THE ONLY THING THAT CAN CURE THE NHS
ONE of the most powerful arguments for a National Health Service is that it can use its huge buying power to keep its costs down.
Amazingly, the NHS has completely lost this advantage. Suppliers deal with individual hospital trusts, and use divideand-rule tactics to charge absurdly high prices for basic supplies.
Alongside this, hefty salary overpayments are never clawed back because the authorities cannot be bothered. And valuable drugs are spoiled because they are stored in broken refrigerators.
Individually, these instances are shocking and infuriating. The money poured down the drain was taken in taxes from the pay packets of hardworking people who budget their own household expenses with great care. The Government simply has no right to levy taxes, if it is going to toss the money around in this spendthrift, idiotic fashion.
And the companies who squeeze the NHS should be ashamed of their behaviour. Who knows how many cancers could have been cured, how many lives saved and nurses hired, if these greedy and unscrupulous firms had behaved ethically?
This is yet more proof that the politicisation of the NHS in recent years has done little good.

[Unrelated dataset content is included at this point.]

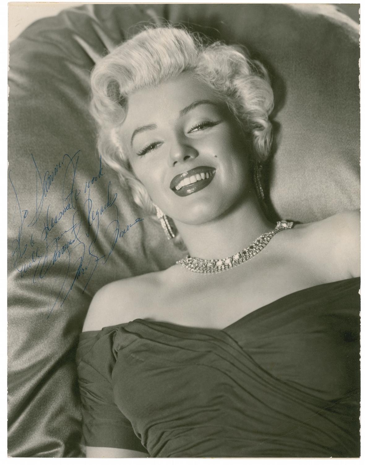 Vintage oversized matte-finish 10.5 x 13.5 crystal-clear head-and-shoulders smiling portrait of the recumbent Marilyn lying on a cushion, adorned in diamonds with her hair and make-up looking perfect and precise, signed and inscribed in blue ballpoint, “To Sammy. It’s a pleasure to work with you. Warmest regards, Marilyn Monroe.” Larger format photos such as this were generally only given to very close friends or other personal acquaintances, and are very seldom offered for sale; in this case, the ‘Sammy’ Marilyn refers to is Sam Benson from the Wardrobe Department who worked on numerous Monroe films including Gentlemen Prefer Blondes and How To Marry A Millionaire. In very good to fine condition, with lightly trimmed edges, some scattered light surface loss to edges, a diagonal crease to lower right corner, remarkably unobtrusive professionally repaired creases to her forehead area and to an area of the cushion background, and a few light spots to lower portion of image, none of which affects her florid handwriting or strikingly large signature. Accompanied by a letter of authenticity from James Spence. A rare and exquisite portrait, exceedingly uncommon in this oversized and highly displayable format.

It is no use increasing spending if so much of the money is promptly wasted. Nor is ‘marketising’ the service going to help if it places naïve bureaucrats at the mercy of practical private sector profiteers.
Those in all parties who sincerely want the NHS to survive and succeed should now seriously consider entrusting its fate to a non-political inquiry, perhaps a Royal Commission. Such a body could actually seek to improve the nation’s health, rather than to burnish its image with soundbites and spending boasts.